Ainda que se subverta a naturalização de um sexo biológico em um corpo e a vinculação dos mesmos para com o gênero, identifica-se uma reprodução de categorias produzidas pela lógica dominante. O indivíduo não é enquadrado como tão somente um ser humano, e sim como um homem ou uma mulher marcada pelo sufixo trans, destacando-se a fronteira que lhe cerca, diante da normalidade fixada ao indivíduo cisgênero.

Por fim, vislumbra-se um terceiro contexto. Intitulado, na presente tese, de performance abandonada. Esta seria um tipo de experiência marcada por uma perspectiva subversiva. A partir da reflexão das categorias artificialmente criadas e alinhadas em caráter biológico essencialista, consegue-se entender o conceito de performance, diante da artificialidade produzida pelas relações de poder incidente sobre o corpo, sexo e gênero; entretanto, não se aderindo a tais categorias.

A performance, nesta experiência, é conhecida, porém abandonada. Uma vez que não se está encenando um gênero específico, muito menos um sexo. O indivíduo se liberta, abandona as amarras do gênero, do sexo, do corpo sexuado; sem a produção de uma performance de gênero, uma vez que tem consciência de que o mesmo foi construído para lhe dominar. Ao invés de uma encenação subversiva limitada, uma arte de viver não mais pautada no corpo sexuado, sexo e gênero. Uma experiência para além do corpo sexuado. Uma identidade desvinculada de tais categorias de dominação.

Considerando a artificialidade do gênero e o referencial teórico revisitado na presente tese, assim como a análise de conteúdo de escrevivências de pessoas trans; passar-se-á, em uma seção específica, a analisar a transição corporal e a sua vinculação para com relações de poder.

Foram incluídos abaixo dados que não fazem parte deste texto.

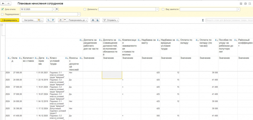 Не нашел готового отчета, чтобы в нем выводились плановые начисления по сотрудникам с выводом показателей начислений.

Ressalva-se que pela leitura do presente estudo, ao longo do mesmo, já se pode extrair inúmeras considerações e reflexões sobre a mudança do corpo diante de um complexo de poder, não se deixando para analisar o seu objeto apenas no último capítulo. Entretanto, ainda que ciente de que a tese foi construída a partir de uma análise contínua da temática, para fins metodológicos e de elucidação, optou-se por construir um momento específico para tanto.